A Mason Mount flick to Casemiro had the Brazilian drilling a pass into space for Anthony Martial but the striker’s anticipation failed him. Then Harry Maguire, in his first start this term, displayed plenty of quality when cutting out a dangerous Jeffrey Schlupp cross as it fizzed across United’s area.
Ten Hag configured his players in a nominal 4-2-3-1 that switched to 4-1-4-1 in attack – Mount becoming the extra advanced operator. The manager made seven changes from the win at Burnley yet still had an XI that featured Sofyan Amrabat (on full debut), Alejandro Garnacho, Mount and Onana. Roy Hodgson’s shuffle of his Palace pack came up with eight new names. Two of the biggest – Eberechi Eze and Marc Guéhi – were on the bench in what seemed a quasi-white flag move from the manager regarding progress in the competition.
After 18 minutes the United old boy, Dean Henderson, had to be replaced by Sam Johnstone, after the goalkeeper appeared to injure himself taking a long kick down field. Johnstone’s first act was to concede and it was simple for United: Mount dropped the ball to Facundo Pellistri on the right, the winger rolled it inside for Diogo Dalot and his buccaneering run allowed him to spin a cross over the turf where Garnacho slid in, firing a shot to Johnstone’s left.
Alejandro Garnacho fires a shot past the Crystal Palace defender Nathaniel Clyne to put Manchester United ahead. Photograph: Dave Thompson/AP
Fast forward a minute and the newly arrived keeper was beating out a fierce Dalot shot as United looked to kill off Palace as soon as possible. Next Pellistri, played in by Garnacho, pulled the trigger at close range and only a desperate Chris Richards– via a hook of a leg – thwarted him.
A corner was the result and United doubled their lead. Mount swung it in from the right and Casemiro – as he has a penchant for doing – rose and headed home. By half-time United were playing a back-three at times, Casemiro reversing to become the middle defender and Amrabat taking up his place. This, in microcosm, showed their confidence and control.
Before the second half Mount was removed by Ten Hag for Victor Lindelöf, the Swede deployed as an inverted centre-back. He launched one surging run that swept him deep into Palace territory, swapped passes with Martial, but the return ball from the French forward went awry.
In a snapshot of how Ten Hag will deploy Amrabat when possible, the Moroccan was placed alongside Casemiro in a midfield fulcrum that oozed poise and craft. United’s third goal contained each of these and starred the former Real Madrid man. From an inside-right berth, Casemiro spiralled a classic schemer’s lob to the back post for the predatory Martial to fire the ball past Johnstone with a swish of his left boot.

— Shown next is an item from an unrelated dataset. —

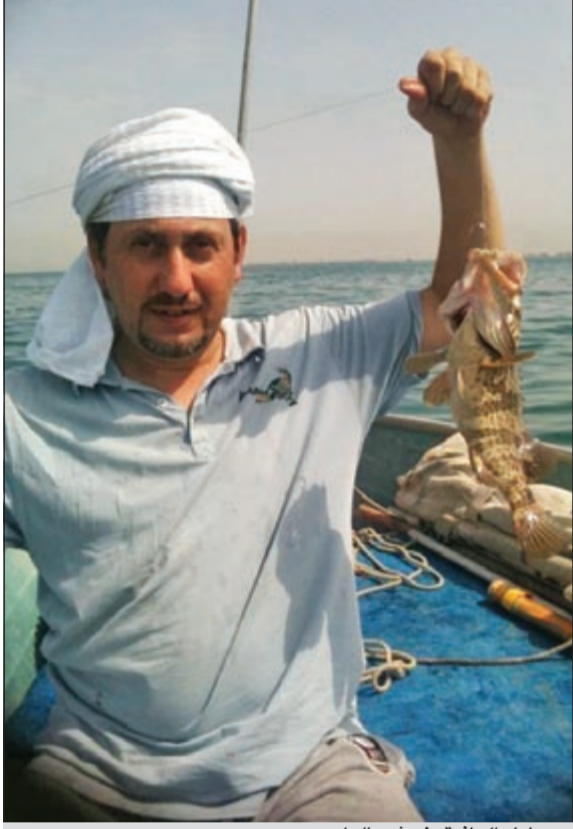
يعطيك العافية خوش بالول

Tie over and the cup defence up and running for Ten Hag’s team who had earned the right to strut about their famous home as they now did.
When Hannibal Mejbri was taken off Ten Hag threw a dazzling smile at the 20-year-old who had been excellent in an advanced role. Martial received the same reception when making way for Rasmus Højlund: it was this type of night for United.